While there is a plethora of Linux distributions, most of us end up choosing only one as their main daily driver. Personally, I have been working on Debian most of my UNIX/Linux life. After a little bit of Unix and SuSE Linux, I started my Debian journey when I had to set up servers for some of the projects I was working on. Later, Ubuntu became my go-to desktop distro for software development.
Recently, I decided to try a different Linux distribution as my daily driver. After some consideration, my vote went to Fedora 32.
I hadn't planned to turn this into a blog post, but after a request on Twitter, here's my write-up of what I did - or remember doing - to set up my Surface Pro 4 (i7, 256GB SSD, and 16GB RAM) with Fedora 32 and Windows 10.
The main goals I had in mind were related to avoid the most common Linux annoyances that I had run into in the past.
- WiFi must be stable.
- BitLocker Recovery must not prompt me for the key every time I start Windows.
- The setup must be fully encrypted. That is, BitLocker on Windows, LUKS2 on Fedora, and SecureBoot enabled.
- Touchscreen should work under Linux.
- Hibernate/Suspend/Sleep should work reliably.
Before You Start
Before you start, there's a few things to know to avoid surprises.
I recommend having a read through the following links prior to starting the installation process. My write-up here is complimentary to them.

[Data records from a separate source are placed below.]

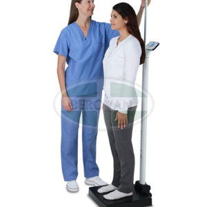 DETECTO’s apex® eye-level digital physician scales feature inline mechanical height rods and an extra-wide, flat platform measuring 17 in W x 17 in D x 2.75 in H. The apex® scale features 600 lb x 0.2 lb / 300 kg x 0.1 kg capacity, 0.75-inch-high clinical-blue LCD weight readouts, BMI calculation, AC or battery power (AC adapter included on some models), 2 RS232 serial ports and 1 micro USB-B port, HL7 IEEE 11073 compliance, Wi-Fi and Welch Allyn connectivity (available on some models), dual wheels for transport, sturdy column construction, integral bubble level, and they assemble quickly right out of the box in just a few easy seconds (no tools required).
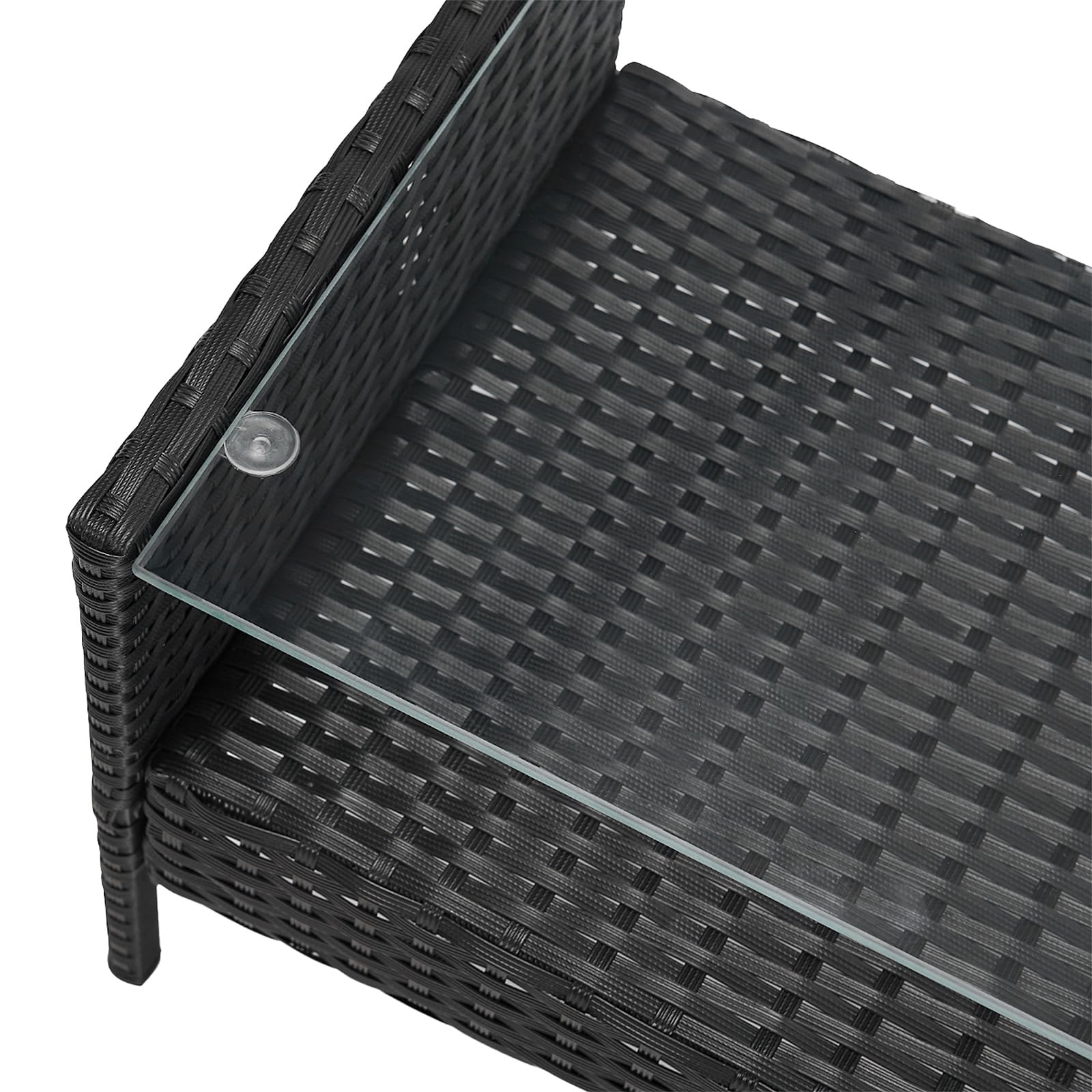 Dieses Möbelset ist ideal für die Nutzung im Freien. Besonders charmant ist der praktische Beistelltisch mit zwei Ablageflächen. Nutzen Sie die Glasplatte um Speisen und Getränke abzustellen, auf der unteren Ebene ist genügend Aufbewahrungsmöglichkeit für Zeitschriften, Bücher & Co.
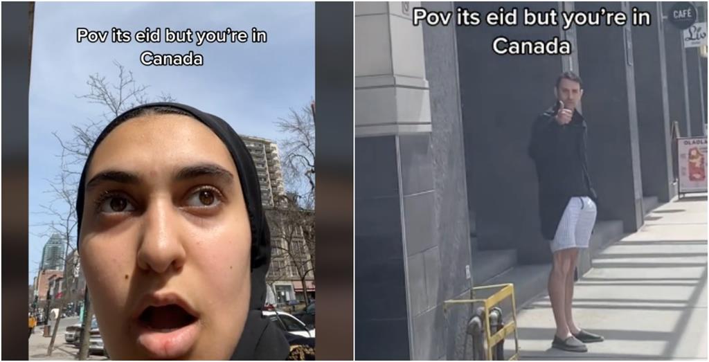 在视频说明中,她写道:“我认为这是法语的‘Eid Mubarak’,但 idk #muslim #islam #eidmubarak。”
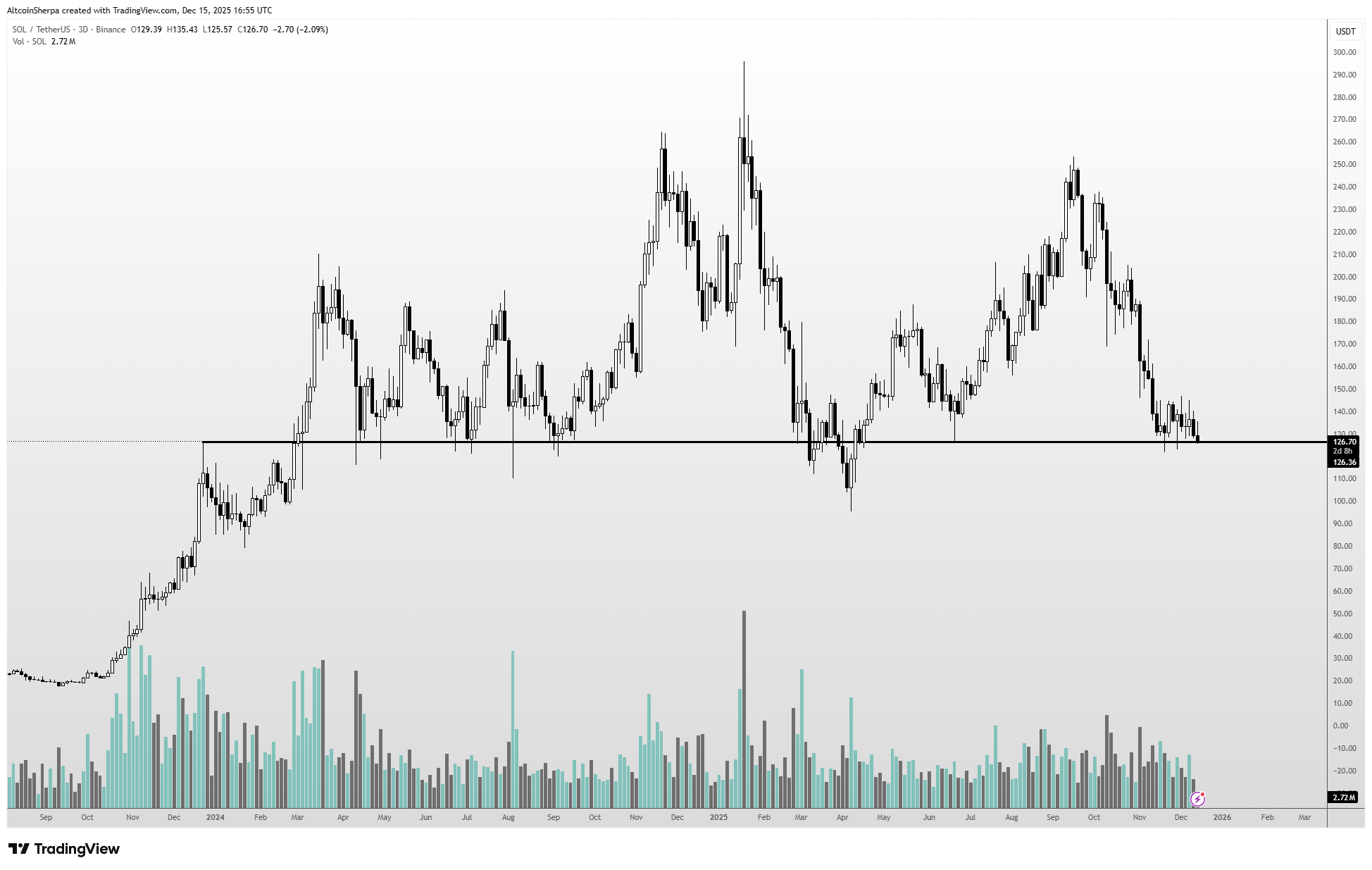 Analyst with the pseudonym Altcoin Sherpa who shared the Solana chart in SOL Coin He wrote that he expects a rapid decline to $100 if the $120 support is lost. The altcoin is now at $124.

- Fedora 32 Installation Guide
- Linux Surface Kernel Installation Instructions
- Linux Surface Kernel Repositories
- Fedora Grub2 documentation
In order to make this setup work smoothly, make sure that Windows' BitLocker is turned off. This is crucial in avoiding a situation where the BitLocker Recovery screen would otherwise pop up every time you boot Windows.

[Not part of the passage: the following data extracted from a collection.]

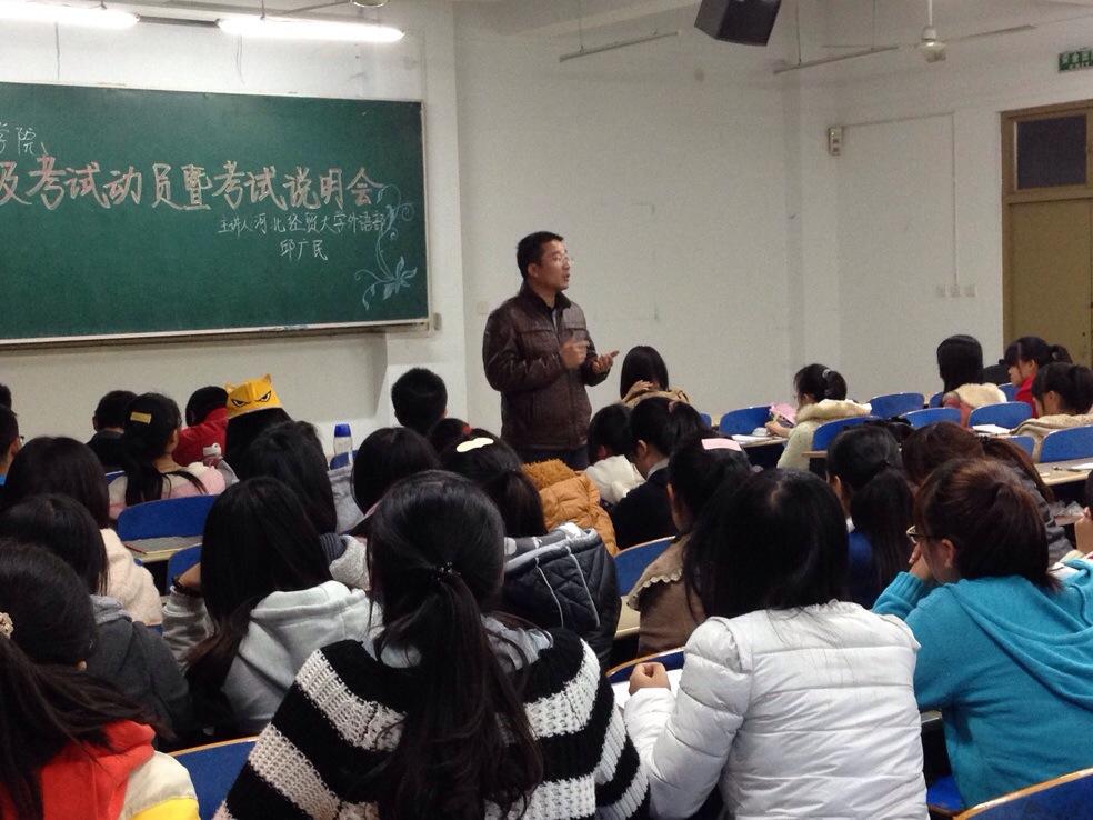 2013年12月大学英语四级考试改革后首次采用新题型,为了使同学们更好地应对大学英语四级考试改革后的备考问题,数统公司于11月6日晚七点在B101教室举办了英语四级备考动员会。英国365集团公司外语教学部邱广民老师、数统公司2012级辅导员曲博老师以及准备今年参加四级考试的全体2012级同学参加了此次备考动员会。
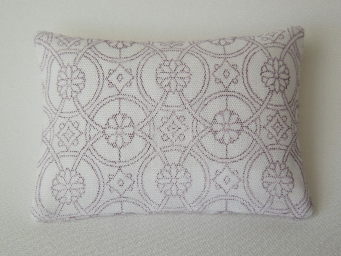 The Kravit Medium Rectangle Pillow is constructed of a white fabric hand-printed with an eggplant ink.
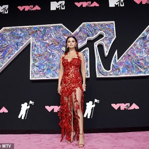 Selena Gomez is red hot in a low-cut floral gown with a sizzling thigh-high slit as she attends the MTV Video Music Awards 2023
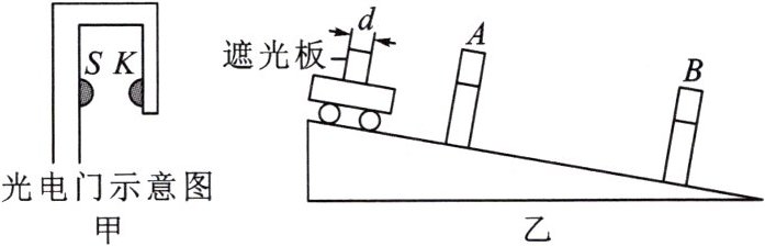 11. 光电门是物理实验中用来测量时间的一种常用设备,如图甲所示,$ S $ 是光源,$ K $ 是光接收器,当有不透明物体通过光电门时,物体会遮住光源,接收器 $ K $ 接收不到光信号,计时器便开始计时,当物体通过后,接收器 $ K $ 重新接收光信号,计时结束,即可记录物体通过光电门所用的时间。如图乙所示,某同学用光电门测量小车沿斜面向下运动的速度,小车上安装有遮光板,$ A $、$ B $ 是安装在斜面上不同位置的两个光电门。
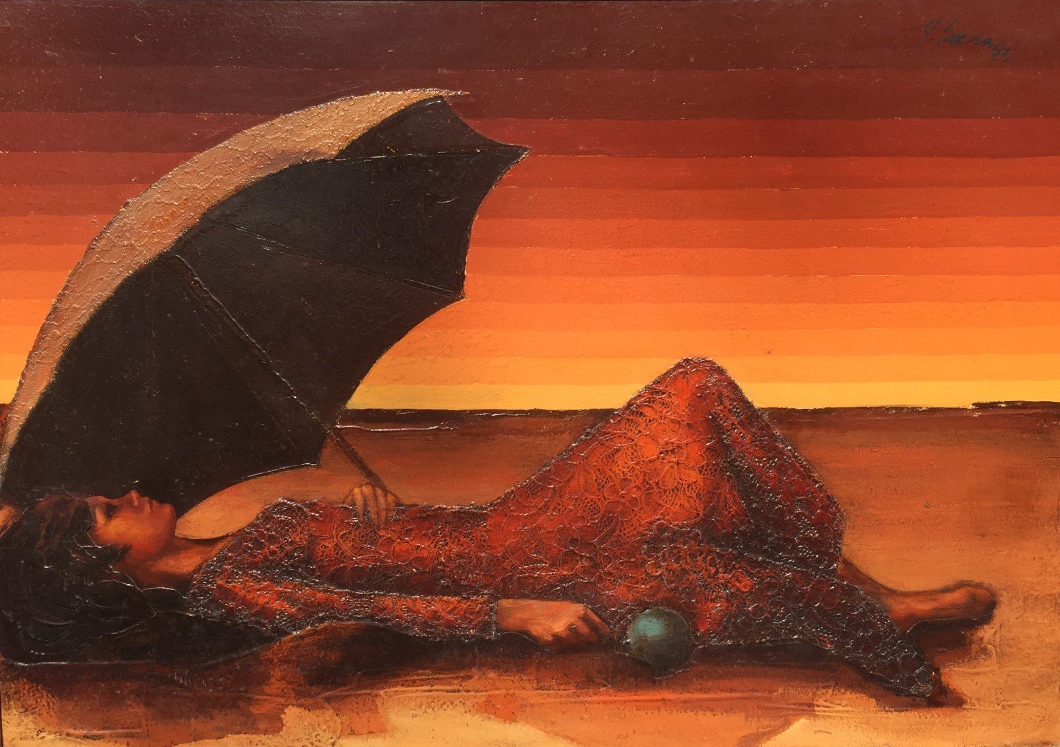 TEJERA, Miguel Ángel (escuela uruguaya, 1938-2008). Acrílico sobre tela. «Bajo el sol.» Firmado y fechado «73» arriba a la derecha. 70 x 100 cm.
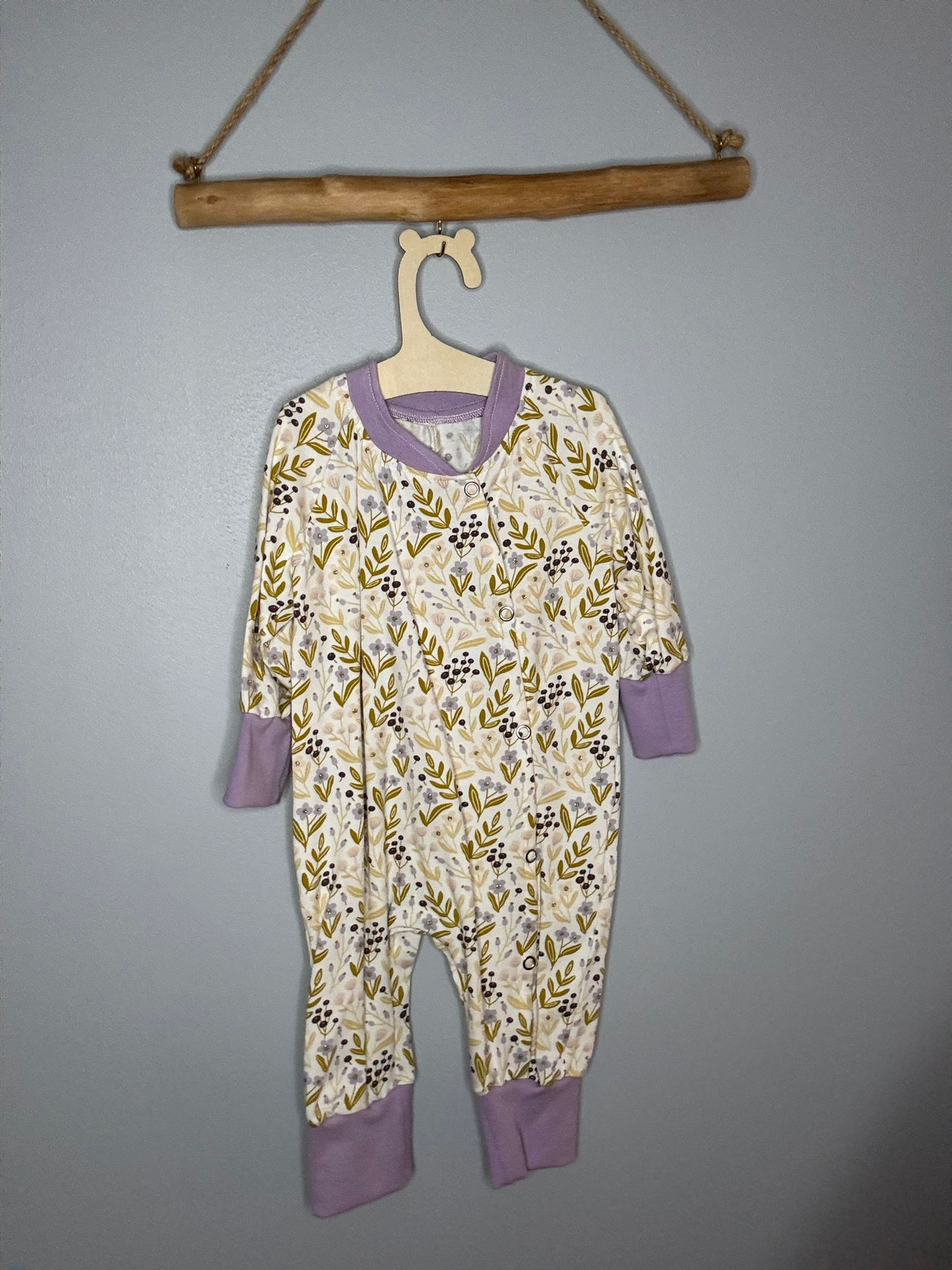 Pyjama OEKO-TEX® – Feuillage olive et baies prune

Further, remember to back up your BitLocker Recovery Key when you enable BitLocker at a later stage (after Fedora is installed). I highly recommend binding your Microsoft account to your Windows login, because you will be provided with an option to back up your BitLocker key to your Microsoft account, and it only works if you use your Microsoft account to log in to Windows.
Once backed up, you can then access the key at any time at http://account.microsoft.com/devices/recoverykey. It's really practical for when you occasionally make changes to the secure boot setup (due to kernel upgrades, boot sequence changes, and so on).

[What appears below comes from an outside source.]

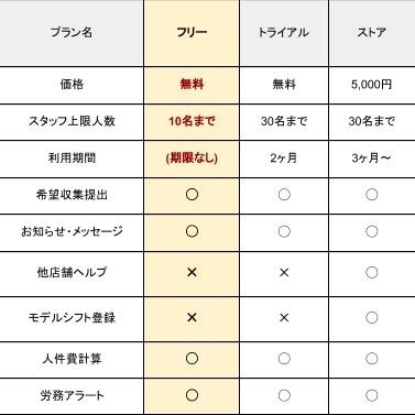 「フリープラン」と他プランとの比較
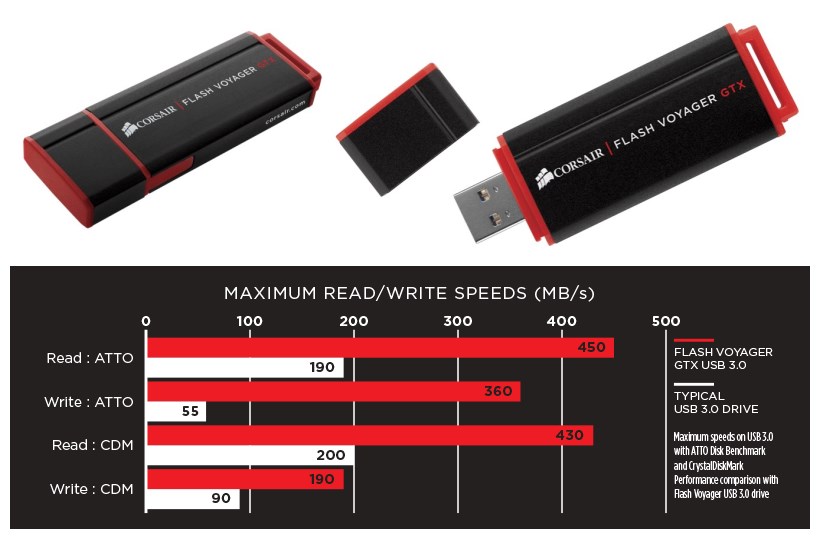 Corsair ปล่อย USB แฟลชไดร์สุดเทพ Flash Voyager GTX ลงสู่ตลาดแล้ว Corsair ได้นำเสนอ Flash Drive ที่เร็วที่สุดเท่าที่เคยมีมา ด้วยความเร็วในการอ่านสูงถึง 450MB/Sec และมาพร้อมความจุใหญ่สะใจถึง 256GB

- Your Microsoft account is your friend!
You can enable BitLocker (again) once your Fedora setup is complete.
If you forget this step, you will have to 'fix' SecureBoot/BitLocker by rebooting Windows after the installation process is done. There, disable and re-enable BitLocker again. For obvious reasons, it is better to disable BitLocker before installing Fedora or any other Linux distro.
Some blogs suggest turning off SecureBoot for this procedure. From my experience, this is not necessary, as long as you turn off BitLocker before you install Fedora. You may at a later stage be required to enter the BitLocker key should you make subsequent changes to UEFI or install a new kernel, but those times of entering the recovery key are one-offs.
Try not to edit the GRUB configuration file
/boot/efi/EFI/fedora/grub.cfg directly. This is also mentioned in the file itself:
# # DO NOT EDIT THIS FILE # # It is automatically generated by grub2-mkconfig using templates # from /etc/grub.d and settings from /etc/default/grub #
If you wish to re-generate the configuration file, use
sudo grub2-mkconfig -o /boot/grub2/grub.cf
Touchscreen OR Surface Pen
The linux-surface kernel installation instructions mention that you can get either the touchscreen or the surface pen to work (with
libwacom-surface). This was something that really irritated me after installing the kernel. So keep in mind that the surface pen is the default enabled choice, and you can have only one of the two working at a time.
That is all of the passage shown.